▸ **What you should do**: Once the line containing "External Blu Ray" is found in the records below, return it and each following line exactly, up to and including the line containing "82% Polyamide/18% Elastane", and nothing else.

▸ **Material provided**:

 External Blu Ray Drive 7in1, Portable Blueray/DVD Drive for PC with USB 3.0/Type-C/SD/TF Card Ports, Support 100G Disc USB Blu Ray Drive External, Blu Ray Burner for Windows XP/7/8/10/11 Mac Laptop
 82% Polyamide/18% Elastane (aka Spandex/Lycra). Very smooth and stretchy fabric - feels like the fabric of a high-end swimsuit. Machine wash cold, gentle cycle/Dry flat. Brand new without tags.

==

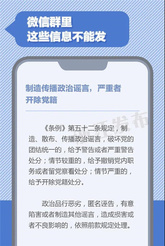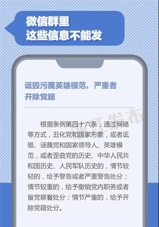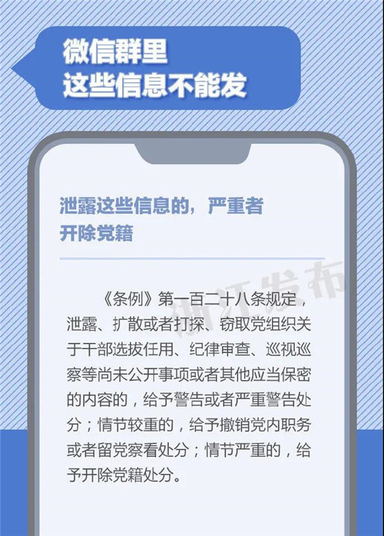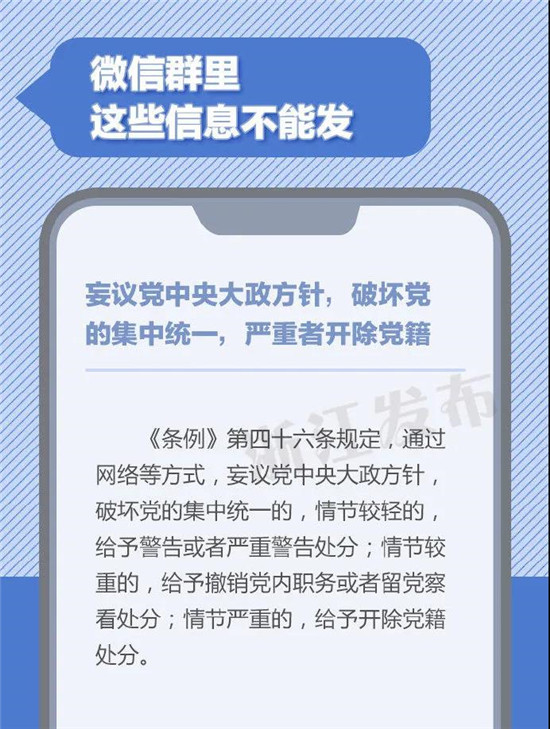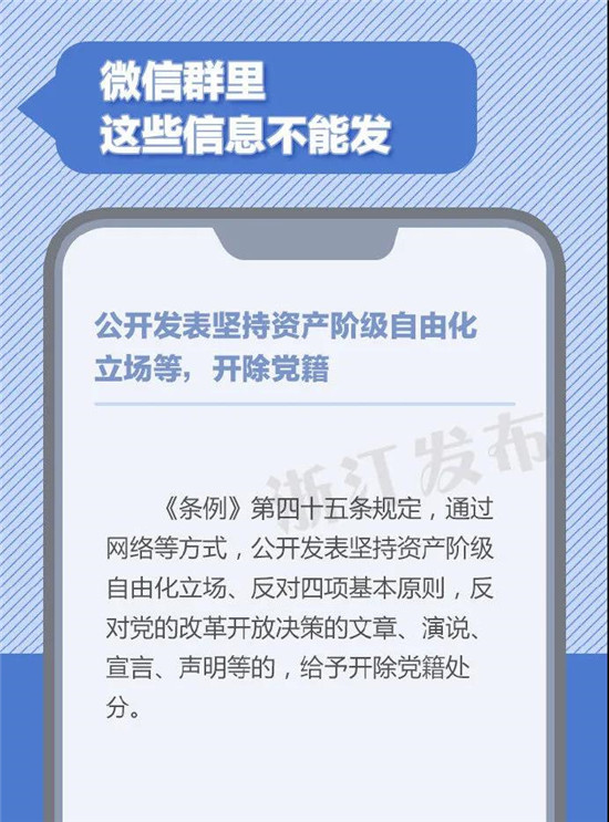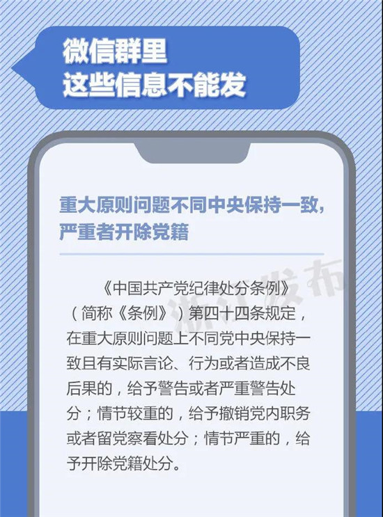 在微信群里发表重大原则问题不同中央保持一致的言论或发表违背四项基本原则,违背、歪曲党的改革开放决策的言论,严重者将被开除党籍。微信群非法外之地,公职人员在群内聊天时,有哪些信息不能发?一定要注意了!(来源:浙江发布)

▸ **Completed exercise**:
 External Blu Ray Drive 7in1, Portable Blueray/DVD Drive for PC with USB 3.0/Type-C/SD/TF Card Ports, Support 100G Disc USB Blu Ray Drive External, Blu Ray Burner for Windows XP/7/8/10/11 Mac Laptop
 82% Polyamide/18% Elastane (aka Spandex/Lycra). Very smooth and stretchy fabric - feels like the fabric of a high-end swimsuit. Machine wash cold, gentle cycle/Dry flat. Brand new without tags.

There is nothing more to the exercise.